Dataset for TS inference

Dataset for TS inference#

Diploid, phased VCF files with varying numbers of individuals. All are BGZIP-compressed and have a CSI index. A key to the populations is in the file popKey.

These are for TS inference with SINGER, threads, and tskinfer/tsdate. For each file, the REF allele can be assumed to be ancestral. The imputed files with Maj in their name have the REF allele set to the major allele. This is to assess the effect of wrongly specified ancestral alleles.

Complete VCF
- tsm100M300I.vcf.gz (exported from msprime with ref allele = ancestral)
Array-density files
- ts300I2k.vcf.gz
- ts300I25k.vcf.gz
Imputed datasets for TS inference
- panelLarge25kImputed.vcf.gz
- panelLarge25kMajImputed.vcf.gz
- panelLarge2kImputed.vcf.gz
- panelLarge2kMajImputed.vcf.gz
- panelNoBLarge25kImputed.vcf.gz
- panelNoBLarge25kMajImputed.vcf.gz
- panelNoBLarge2kImputed.vcf.gz
- panelNoBLarge2kMajImputed.vcf.gz
- panelSmall25kImputed.vcf.gz
- panelSmall25kMajImputed.vcf.gz
- panelSmall2kImputed.vcf.gz
- panelSmall2kMajImputed.vcf.gz
- panelNoBSmall25kImputed.vcf.gz
- panelNoBSmall25kMajImputed.vcf.gz
- panelNoBSmall2kImputed.vcf.gz
- panelNoBSmall2kMajImputed.vcf.gz

Fix file names#

Files have been downloaded and extracted in data/toInfer/ folder: there’s a repetition of “vcf” in the file names.

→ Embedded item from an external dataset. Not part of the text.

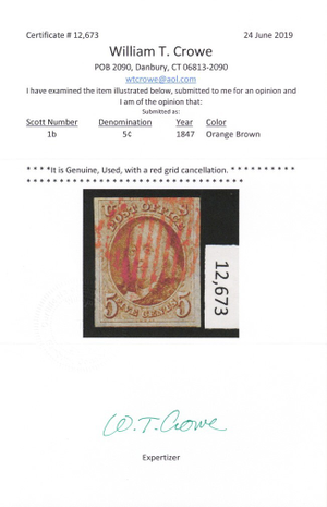 Due to the high cost of obtaining certificates we will only refund the cost of the stamp and not the cost of the certificate for stamps that sell for less than $250 that come back with a negative certificate. Stamps that sell for above $250 will receive a full refund for both the price of the stamp and cost of the certificate if it should come back not as described. For U.S. stamps only certificates from either APS, PSE or from the Philatelic Foundation are accepted, however "graded" certificates or "encased" items are not accepted.

You can fix this by creating a simple script like this in the data/toInfer/ folder:

#!/bin/bash
# replace .vcf.vcf extensions with .vcf
# ex. panelLarge25kImputed.vcf.vcf.gz -> panelLarge25kImputed.vcf.gz
set -euo pipefail

for file in $(ls *.vcf.vcf.*); do
    newname=$(echo "$file" | sed 's/\.vcf\.vcf/\.vcf/')
    mv "$file" "$newname"
done

Make the script executable with chmod +x fix_filenames.sh and run it with ./fix_filenames.sh.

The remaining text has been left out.